_COLLECTED MATERIAL_.
▼▼▼

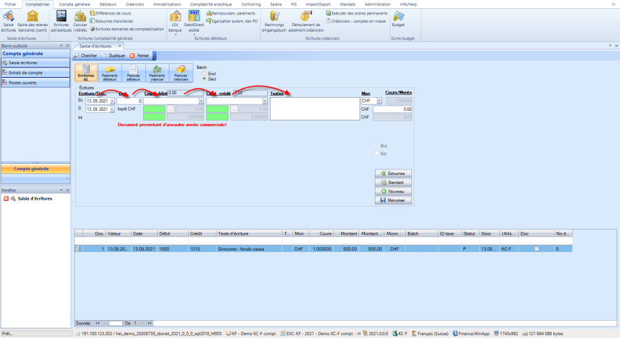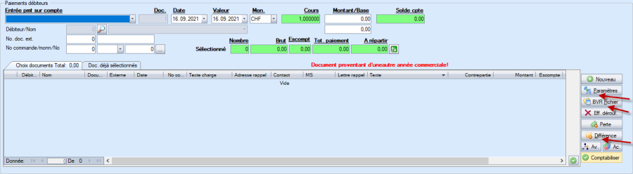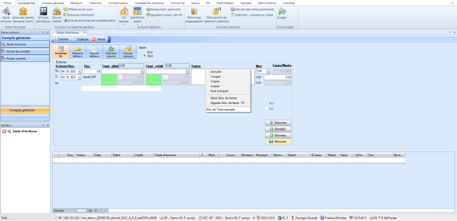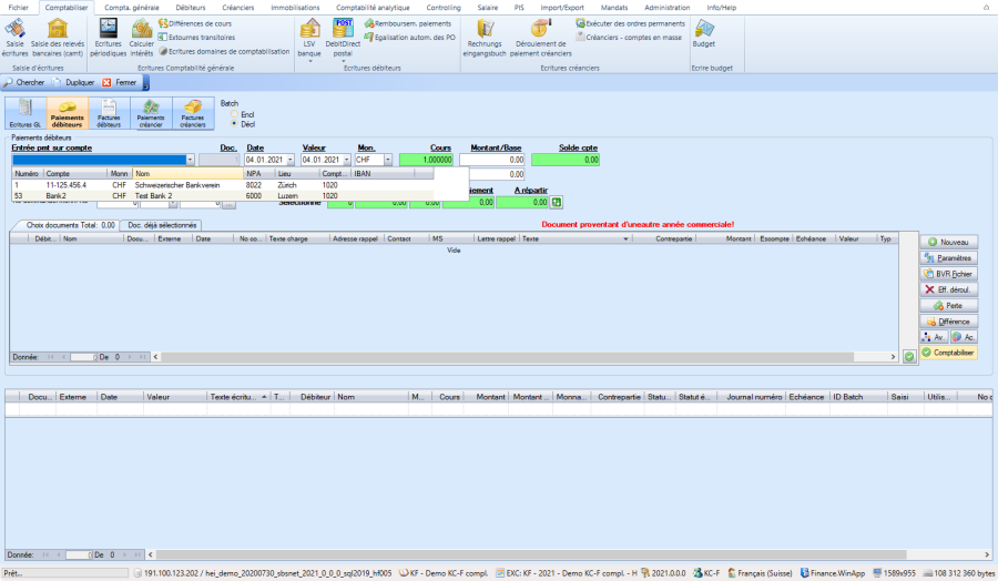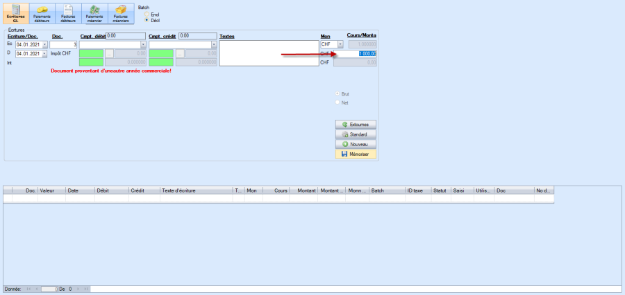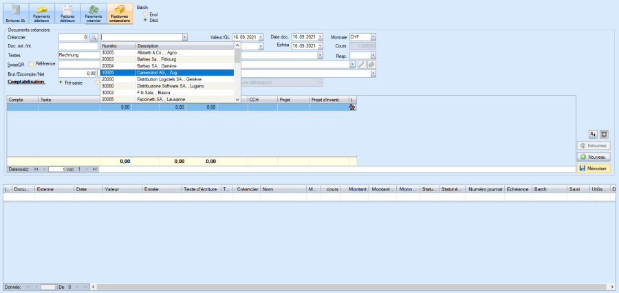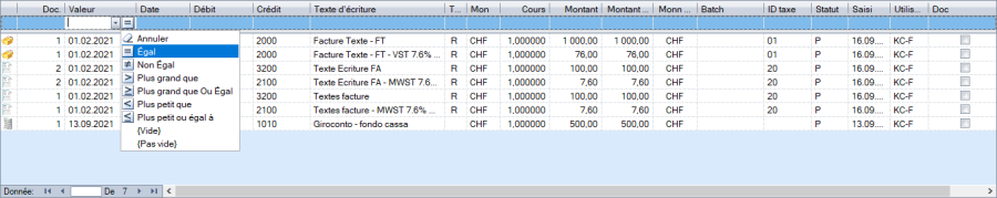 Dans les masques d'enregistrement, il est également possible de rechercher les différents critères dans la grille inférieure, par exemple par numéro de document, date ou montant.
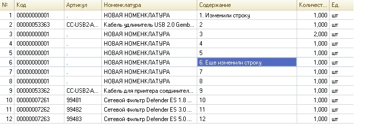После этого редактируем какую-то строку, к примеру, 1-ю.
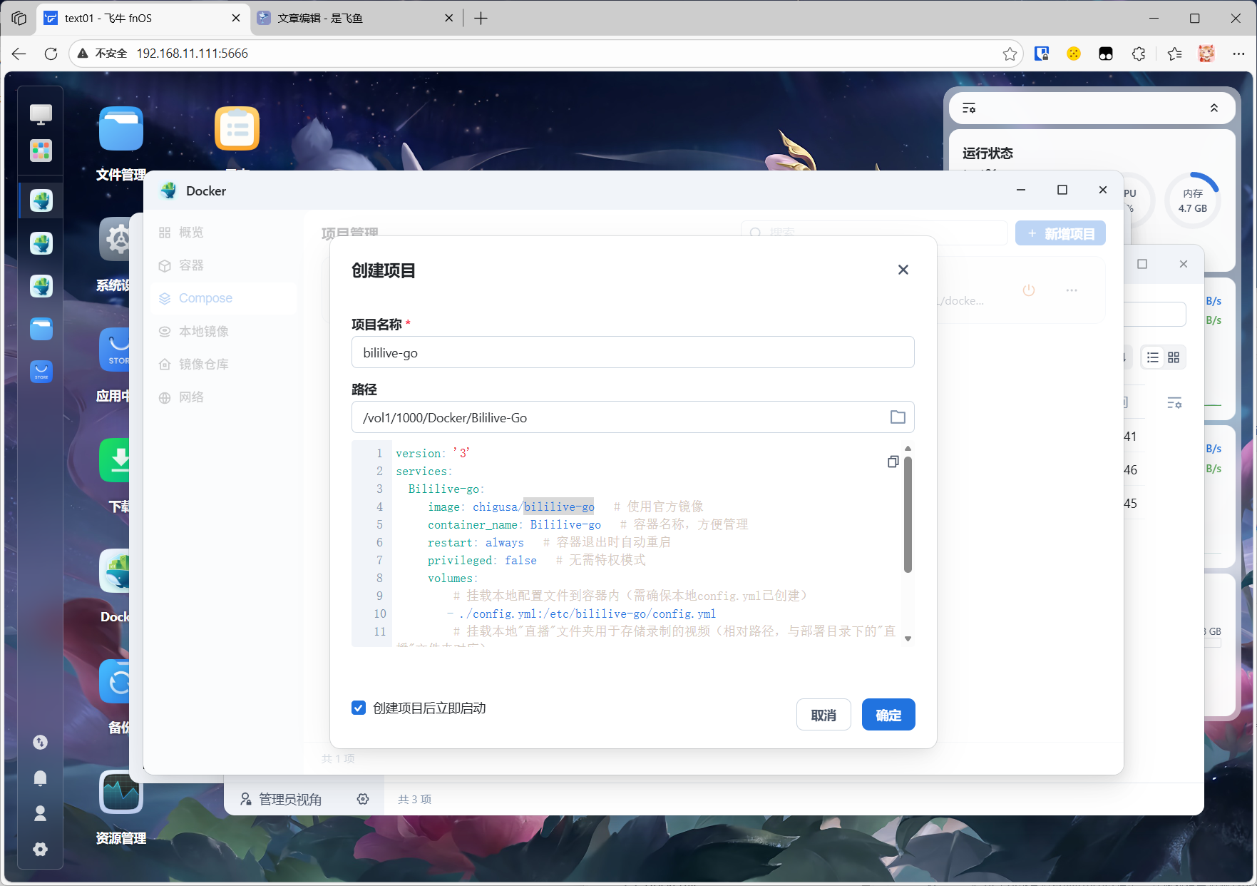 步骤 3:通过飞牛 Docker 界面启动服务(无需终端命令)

▲▲▲

In the copy, only the lines from the one holding "После этого редактируем" through the end of the listing above should appear, retyped exactly, both ends included, with no pictures.

После этого редактируем какую-то строку, к примеру, 1-ю.
 步骤 3:通过飞牛 Docker 界面启动服务(无需终端命令)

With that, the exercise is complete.